Furthermore, according to the present invention, the effect of Japanese Utility Model Application No. 61-135608 can be naturally obtained. That is, (d) the torque fluctuation absorbing effect in the normal rotation range can be increased without causing resonance in all rotations.

(E) Further, since the conventional hysteresis mechanism and torque limit mechanism can be prevented, the device can be simplified, downsized, and the cost can be reduced.

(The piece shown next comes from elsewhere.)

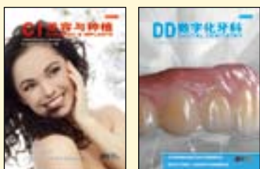
《美容与种植》 《数字化牙科》

[Brief description of drawings]

FIG. 1 is a block diagram of the vicinity of a second coil spring of a flywheel with a torsion damper of the present invention, FIG. 2 is an enlarged sectional view of a friction mechanism portion, and FIG. 3 is a flywheel with a torsion damper of the present invention. FIG. 4 is an angle-torque characteristic diagram, FIG. 4 is a rotational speed-acceleration transmissibility characteristic diagram of a flywheel with a torsion damper of the present invention, FIG. 5 is a deflection-load characteristic diagram of a cone spring, and FIG. FIG. 7 is a sectional view taken along a plane perpendicular to a plane including the axis of the flywheel with a torsion damper according to the embodiment; FIG. 7 is a view taken along a plane including the axis of the flywheel with a torsion damper of FIG. Section VII-V in FIG. 6
A sectional view taken along the line II, FIG. 8 is a vibration model diagram of the flywheel with a torsional damper shown in FIG. 6, FIG. 9 is a torsion angle-torque characteristic diagram of the flywheel with a torsional damper shown in FIG. 6 is a rotational speed-acceleration transmissibility characteristic diagram of the flywheel with a torsion damper shown in FIG. 6, FIG. 11 is an enlarged sectional view in the vicinity of the first coil spring in FIG. 7, and FIG. 12 is shown in FIG. 2 is an enlarged sectional view in the vicinity of the coil spring, and FIG. 13 is a characteristic diagram showing another effect of the flywheel with a torsion damper of the present invention. 10 ... Drive side flywheel 20 ... Driven side flywheel 31 ... First coil spring 32 ... Second coil spring 33 ... Friction mechanism 36a, 37a ... Elastic cushion 48 ... Cone spring 49, 50 ... Thrust liner

Claims (1)

[Scope of utility model registration request] 1. A flywheel is composed of a split-type flywheel in which a drive-side flywheel and a driven-side flywheel are divided, and spring constants K different from each other in a spring mechanism provided between the drive-side flywheel and the driven-side flywheel. Two types of springs having K ₁ are used, and the driving side flywheel and the driven side flywheel are directly connected to the spring having the spring constant K of the two types, and the set friction force is set to the spring having the spring constant K ₁ of the two types. A flywheel with a torsional damper, in which a drive-side flywheel and a driven-side flywheel are connected to each other via an Fr friction mechanism, and a spring constant K ₁
When the torque due to the bending of the spring becomes equal to the set friction force Fr, the elastic mechanism cushions provided on the seats at both ends of the spring having the spring constant K ₁ are applied to force the friction mechanism to slide. Characteristic flywheel with torsional damper.